● **What is required**:
Please give back the listing exactly, without any of its pictures.

● **Source data**:
____

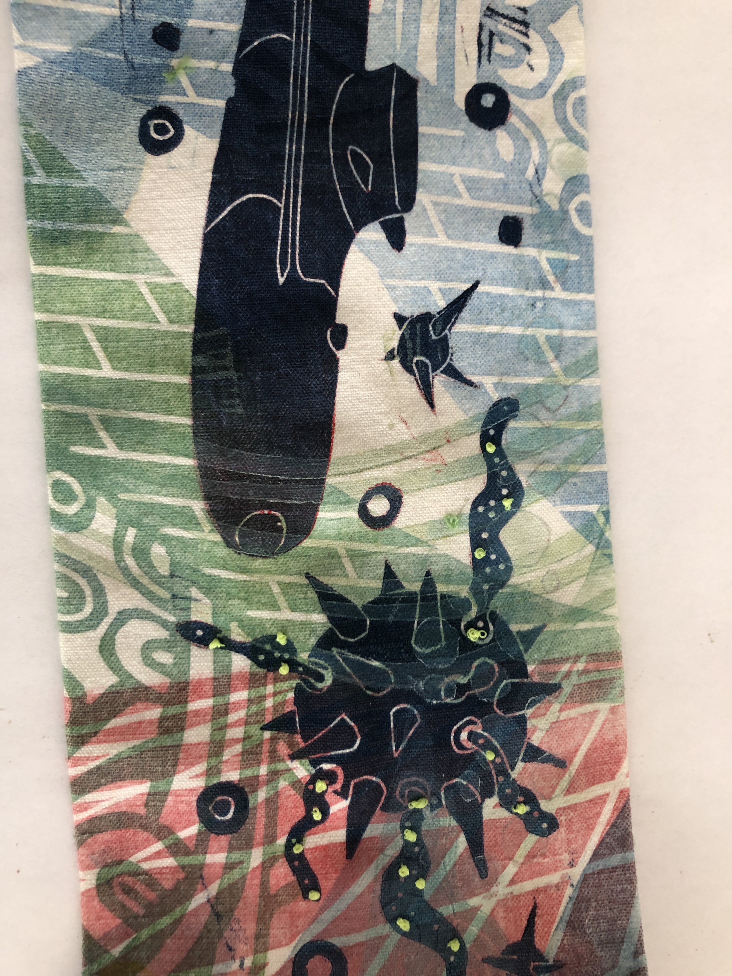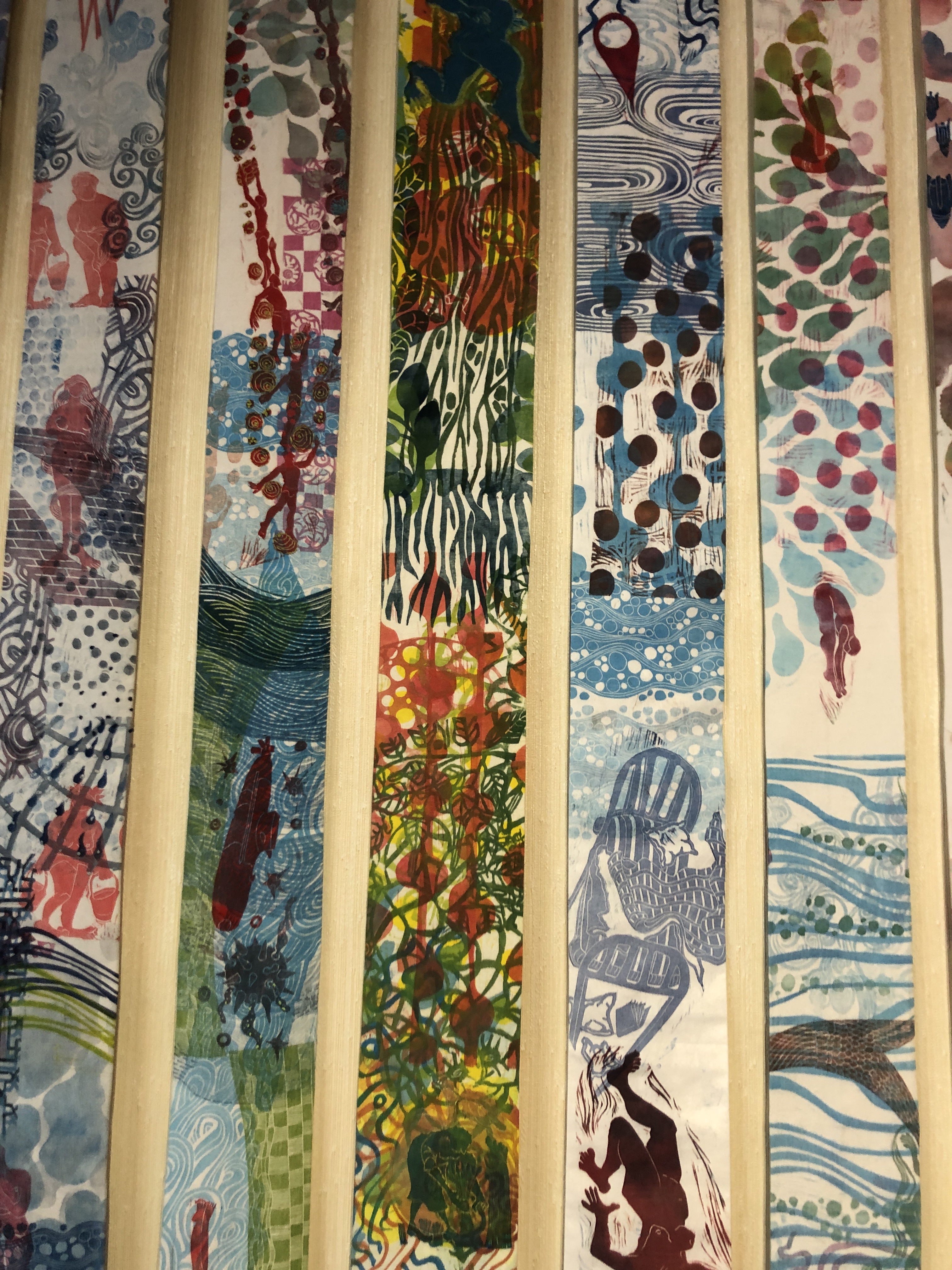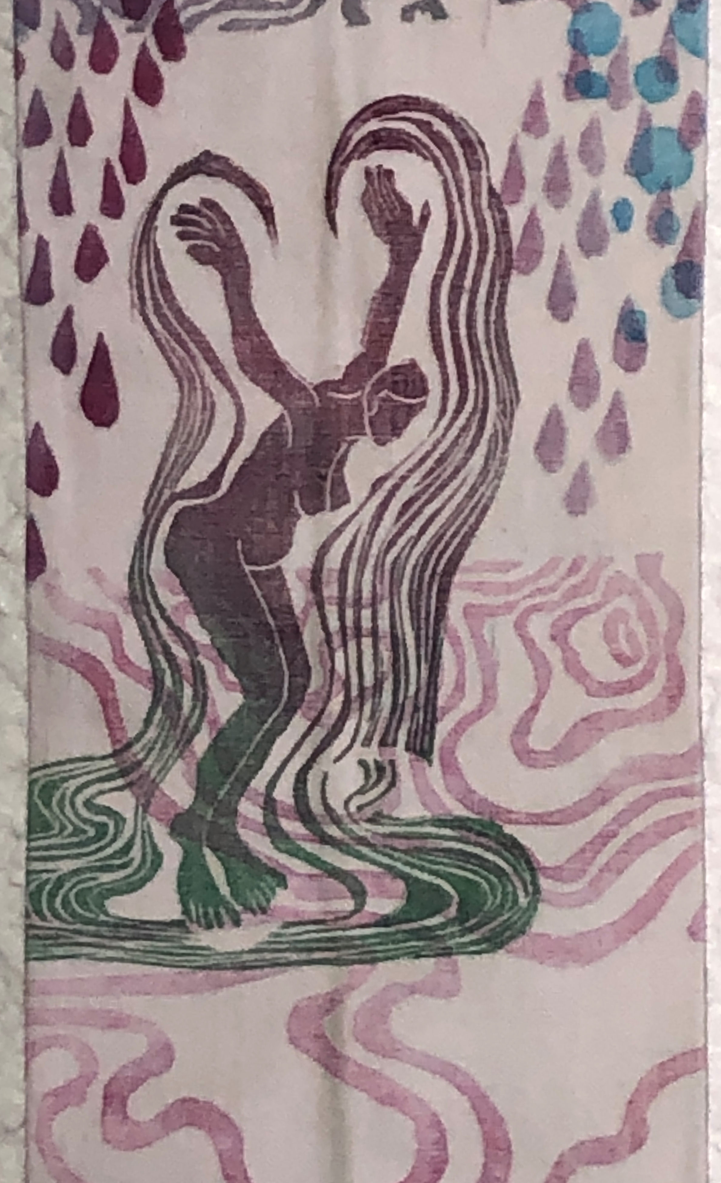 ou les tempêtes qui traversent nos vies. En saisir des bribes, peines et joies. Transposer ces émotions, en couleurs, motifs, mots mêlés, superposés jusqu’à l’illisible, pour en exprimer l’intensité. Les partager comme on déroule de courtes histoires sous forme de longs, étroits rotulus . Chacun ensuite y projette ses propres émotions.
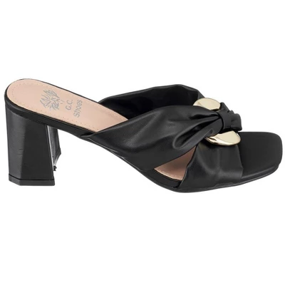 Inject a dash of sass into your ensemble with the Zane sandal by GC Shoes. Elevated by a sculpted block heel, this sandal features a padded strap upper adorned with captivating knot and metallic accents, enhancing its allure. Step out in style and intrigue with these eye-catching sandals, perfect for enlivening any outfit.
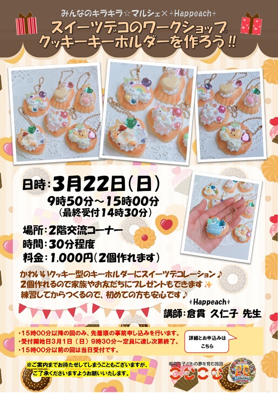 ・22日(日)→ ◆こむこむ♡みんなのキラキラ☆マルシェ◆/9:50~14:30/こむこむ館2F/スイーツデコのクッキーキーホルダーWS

____

● **Response area**:
 ou les tempêtes qui traversent nos vies. En saisir des bribes, peines et joies. Transposer ces émotions, en couleurs, motifs, mots mêlés, superposés jusqu’à l’illisible, pour en exprimer l’intensité. Les partager comme on déroule de courtes histoires sous forme de longs, étroits rotulus . Chacun ensuite y projette ses propres émotions.
 Inject a dash of sass into your ensemble with the Zane sandal by GC Shoes. Elevated by a sculpted block heel, this sandal features a padded strap upper adorned with captivating knot and metallic accents, enhancing its allure. Step out in style and intrigue with these eye-catching sandals, perfect for enlivening any outfit.
 ・22日(日)→ ◆こむこむ♡みんなのキラキラ☆マルシェ◆/9:50~14:30/こむこむ館2F/スイーツデコのクッキーキーホルダーWS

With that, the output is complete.